BEGIN DATA RECORDS
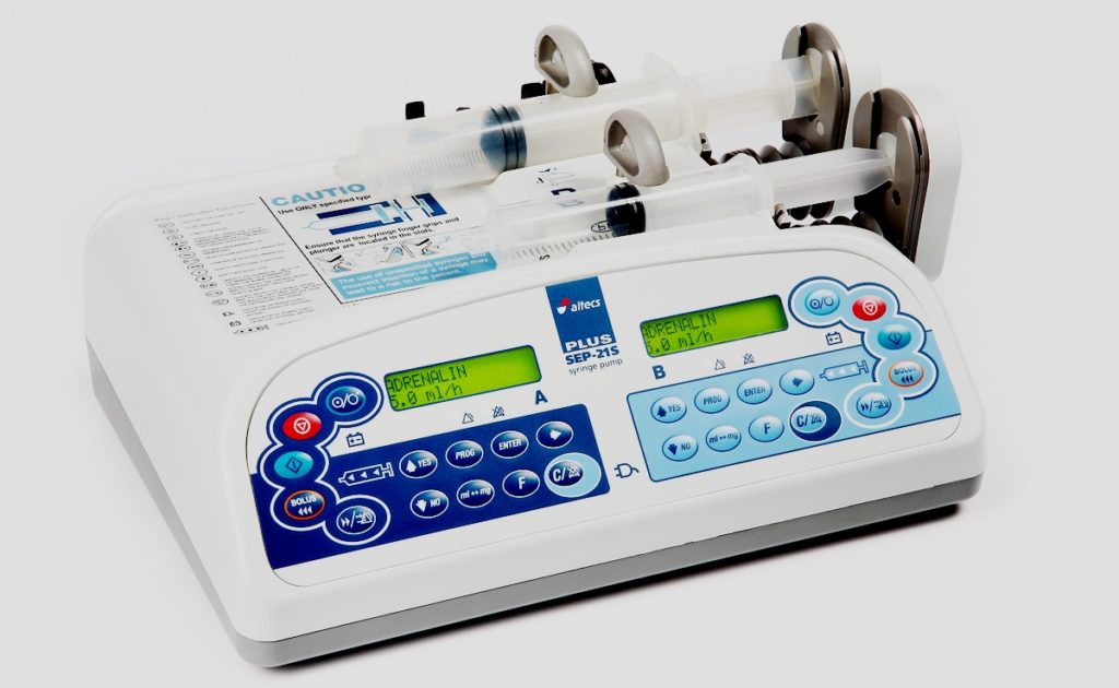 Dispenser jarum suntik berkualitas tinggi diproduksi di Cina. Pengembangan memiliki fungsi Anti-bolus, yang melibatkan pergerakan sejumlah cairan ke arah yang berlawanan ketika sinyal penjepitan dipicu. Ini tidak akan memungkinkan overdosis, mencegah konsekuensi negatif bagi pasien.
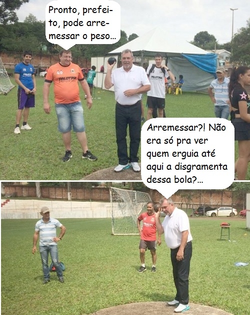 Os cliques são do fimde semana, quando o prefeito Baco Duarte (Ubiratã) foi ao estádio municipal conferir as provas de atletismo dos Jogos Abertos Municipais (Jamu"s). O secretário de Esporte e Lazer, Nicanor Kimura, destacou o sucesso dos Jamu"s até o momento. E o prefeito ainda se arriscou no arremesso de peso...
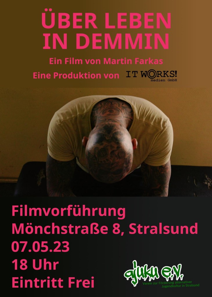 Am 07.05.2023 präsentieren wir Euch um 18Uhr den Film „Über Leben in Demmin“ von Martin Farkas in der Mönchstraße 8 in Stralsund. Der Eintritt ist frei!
END DATA RECORDS
BEGIN DATA RECORDS
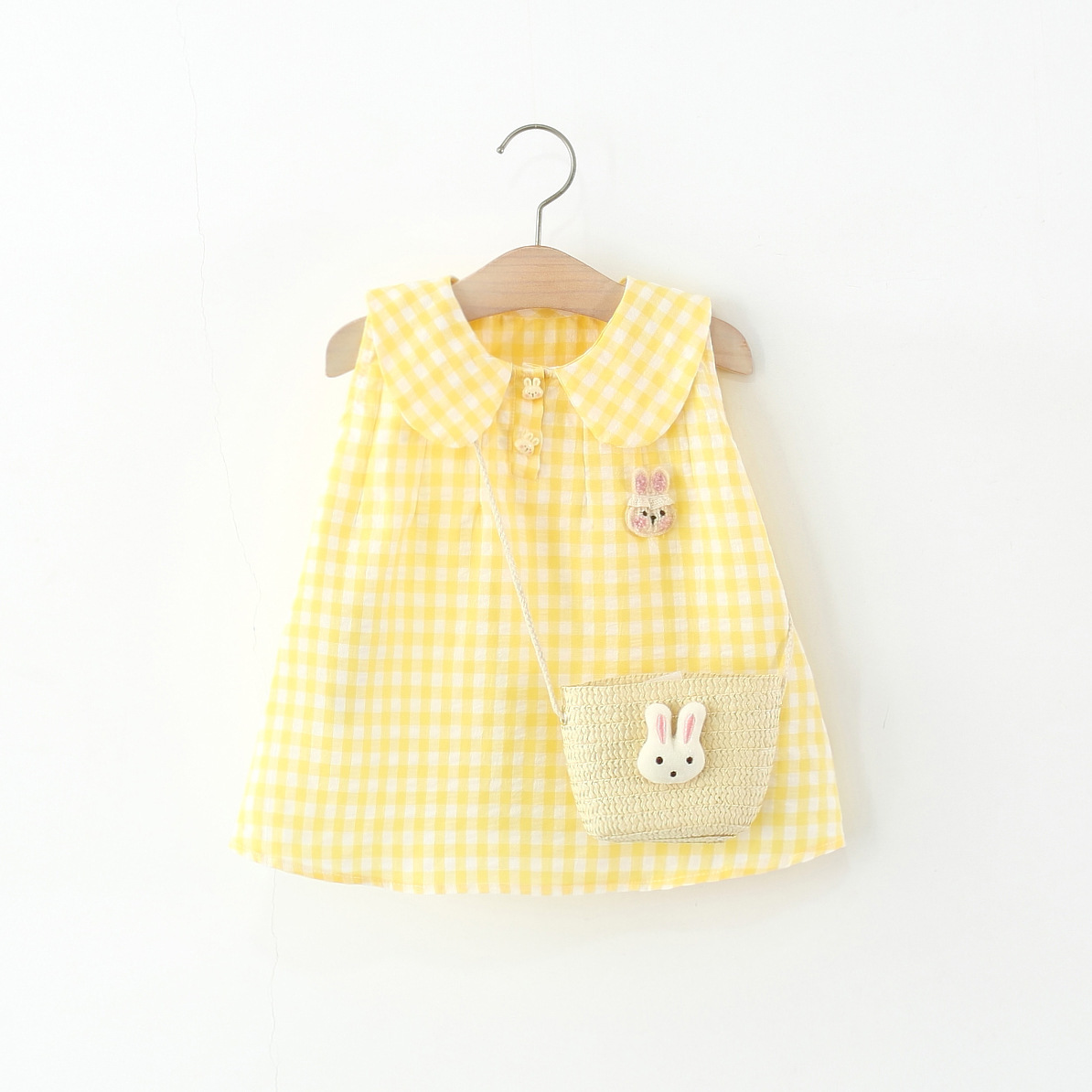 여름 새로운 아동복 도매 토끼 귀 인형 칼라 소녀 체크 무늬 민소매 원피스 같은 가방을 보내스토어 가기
END DATA RECORDS
• WHAT NEEDS TO BE DONE: Would you print exactly the lines in the listing above, from the line bearing "Os cliques são" through the line bearing "Am 07.05.2023 präsentieren", leaving out all pictures?

• OUTPUT FOR THIS EXERCISE:
 Os cliques são do fimde semana, quando o prefeito Baco Duarte (Ubiratã) foi ao estádio municipal conferir as provas de atletismo dos Jogos Abertos Municipais (Jamu"s). O secretário de Esporte e Lazer, Nicanor Kimura, destacou o sucesso dos Jamu"s até o momento. E o prefeito ainda se arriscou no arremesso de peso...
 Am 07.05.2023 präsentieren wir Euch um 18Uhr den Film „Über Leben in Demmin“ von Martin Farkas in der Mönchstraße 8 in Stralsund. Der Eintritt ist frei!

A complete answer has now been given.